Step 1: Design proteins that can be controlled using light
The Cre-Lox recombinase protein is split into two, and each half has one part of a photo dimer attached to it. A photo dimer is produced by the covalent bonding of two identical molecules when they are exposed to light (for example, O2 is a dimer, if two atoms of oxygen can be made to come together in the presence of light, it can be called a photo dimer).
When this modified recombinase is exposed to light, it removes a small DNA sequence that is flanked by two LoxP sites (23 base pair sequences) in a genome. This removal of the DNA sequence corresponds to the encoding of a bit, say 1. So any bacterial cell can hold one bit - either a 0 or a 1.
Here is a pictorial representation of how these proteins work:
Step 2: Edit the bacterial genome
This involves two steps:
a) Use plasmids to introduce LoxP sites into the bacterial genome.

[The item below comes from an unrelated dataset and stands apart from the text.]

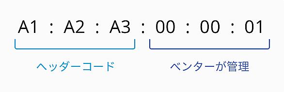 上位3バイトはIEEE*1が機器の製造者(ベンダ)ごとに割り当てた、ベンダ固有の値(ベンダコード)。下位3バイトはベンダが自社製品に一意に付与した値。これらの値は固定的に割り当てられ,重複することはない。このようにして同一の識別番号が異なる機器に割り当てられることを防いでいる。すなわちMACアドレスは各ネットワーク機器に固有の一意な値。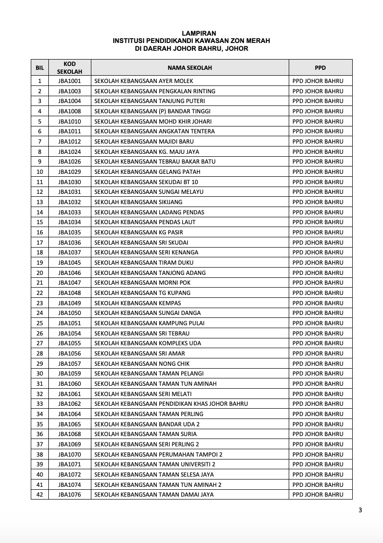 随着新山县疫情持续增加,教育部是在今晚发出文告,依据政府之前的指示,一旦成为疫情红区,学校就必须停课的指令,宣布新山县内所有各级学校都必须停课。

LoxP sites are 23 base pairs long and can be identified by looking at the same 13 base pair sequences at the two ends, and a random 8 base pair sequence in the middle.
b) Introduce the light-sensitive protein designed in step 1 into the cell
Step 3: Encode an image into bacterial DNA using light
Take a 96 well plate and add bacterial cells to it- this is our camera. Now based on the image we need to encode, we need to determine which wells need to be exposed to light. If a cell is exposed to blue light (465 nanometer wavelength), it encodes a 1 and if it is not exposed it encodes a 0. This is similar to pixels in a photograph.

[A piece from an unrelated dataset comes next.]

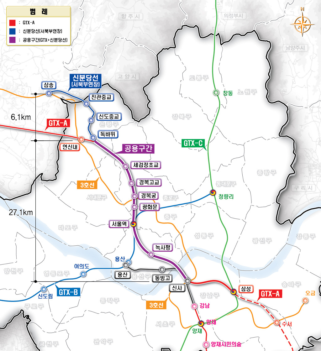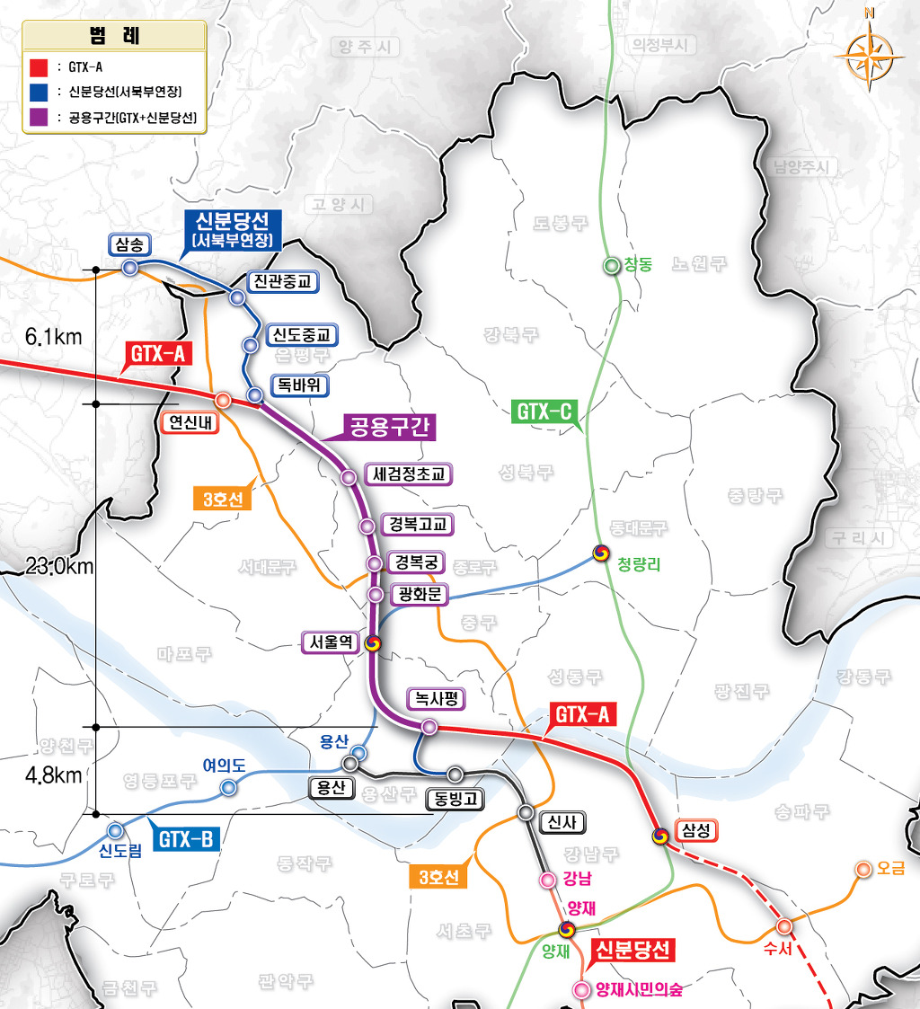 유사한 경로로 지나가는 신분당선 북부구간과 GTX 킨텍스-삼성 구간을 일부 공용하여 짓고

We then add barcodes (known short DNA sequences) that give the address of each well, so that we can reassemble the complete image after sequencing.
Step 4: Retrieve the data by sequencing
In this experiment they have used an Illumina Next Generation Sequencer to read the sequences from each well and reconstruct the image.
Figure: Encoding and decoding of an image in E.coli genome using blue ligh
How accurate is a baccam?
The encoded image was retrieved with an accuracy of 93/96 - the bits encoded in 93 of the 96 wells were retrieved accurately, while 3 of them were missing. Similar results were obtained for various images encoded in the same way on different 96 well plates.
The image retrieval was done under different kinds of environmental conditions - after drying DNA, exposing it to room temperature and a higher temperature of 60 °C and exposure to UV light. And it was observed that the accuracy of retrieval remained more or less the same. This showed me that DNA is a reliable storage medium.
Figure: Accuracy of image retrieval under different environmental conditions
What is the least amount of DNA we need to store data?
The initial concentration of DNA taken was 2.66 nano molar. The fidelity of data retrieval was maintained up to 1000x dilution. At 1000x dilution, the data retrieved is as low as 28/96. This means that the amount of DNA needed to implement a storage mechanism of this kind is low enough for this mechanism to be implemented in microfluidic channels.
Figure: Accuracy of image encoding corresponding to different dilutions
Can we encode multiple images simultaneously?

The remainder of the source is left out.